Only an exact copy belongs in the answer: the line with "(3) Cálculo del" and every line after it through the end of the records, pictures left out.

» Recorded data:
══════════════════════════════

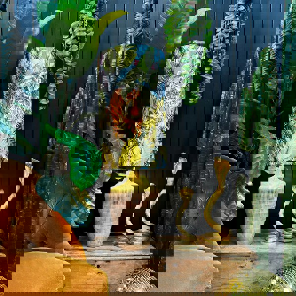 Crafted with no lining, the print of the fabric truly shines when the light is illuminated, creating a cosy, nature-inspired ambiance in your living space. Whether you’re a jungle lover or simply seeking to add a touch of magic to your home, this oversized tube lampshade is an absolute must-have.
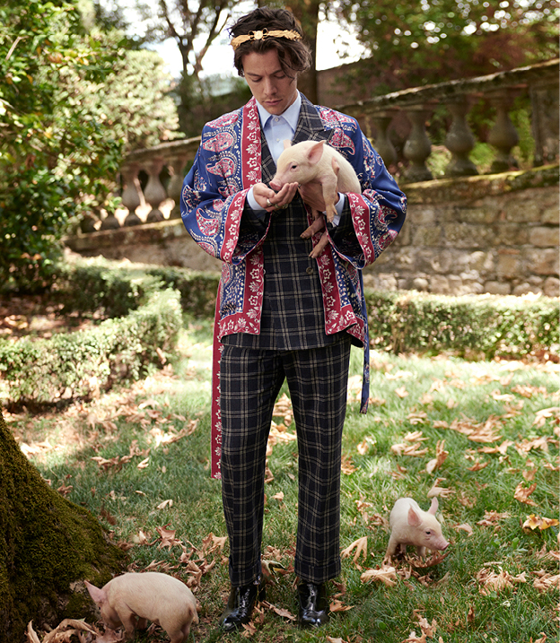 身处16世纪文艺复兴时期风格主义的意大利别墅花园,哈里·斯泰尔斯穿上全新都会男士正装系列,当中独特的图案、彩色提花、嵌花编织、贴饰,配合别具一格的裁剪比例,将古驰的当代美学展现得淋漓尽致。
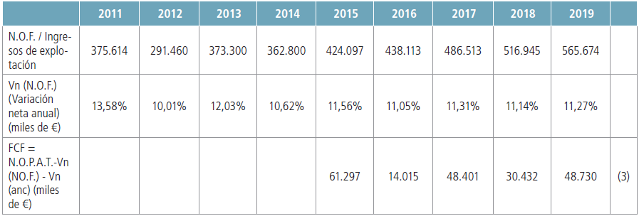 (3) Cálculo del Free Cash Flow restando al N.O.P.A.T., las variaciones netas anuales del ACTIVO NO CORRIENTE y de las N.O.F.
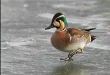绿翅鸭是小型鸭类,体长37厘米,体重约0.5千克。嘴脚均为黑色。雄鸟头至颈部深栗色,头顶两侧从眼开始有一条宽阔的绿色带斑一直延伸至颈侧,尾下覆羽黑色,两侧各有一黄色三角形斑,在水中游泳时,极为醒目。…全部>>
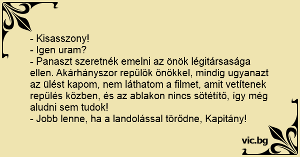 - Panaszt szeretnék emelni az önök légitársasága ellen. Akárhányszor repülök önökkel, mindig ugyanazt az ülést kapom, nem láthatom a filmet, amit vetítenek repülés közben, és az ablakon nincs sötétítő, így még aludni sem tudok!

══════════════════════════════

» Exercise result:
 (3) Cálculo del Free Cash Flow restando al N.O.P.A.T., las variaciones netas anuales del ACTIVO NO CORRIENTE y de las N.O.F.
绿翅鸭是小型鸭类,体长37厘米,体重约0.5千克。嘴脚均为黑色。雄鸟头至颈部深栗色,头顶两侧从眼开始有一条宽阔的绿色带斑一直延伸至颈侧,尾下覆羽黑色,两侧各有一黄色三角形斑,在水中游泳时,极为醒目。…全部>>
 - Panaszt szeretnék emelni az önök légitársasága ellen. Akárhányszor repülök önökkel, mindig ugyanazt az ülést kapom, nem láthatom a filmet, amit vetítenek repülés közben, és az ablakon nincs sötétítő, így még aludni sem tudok!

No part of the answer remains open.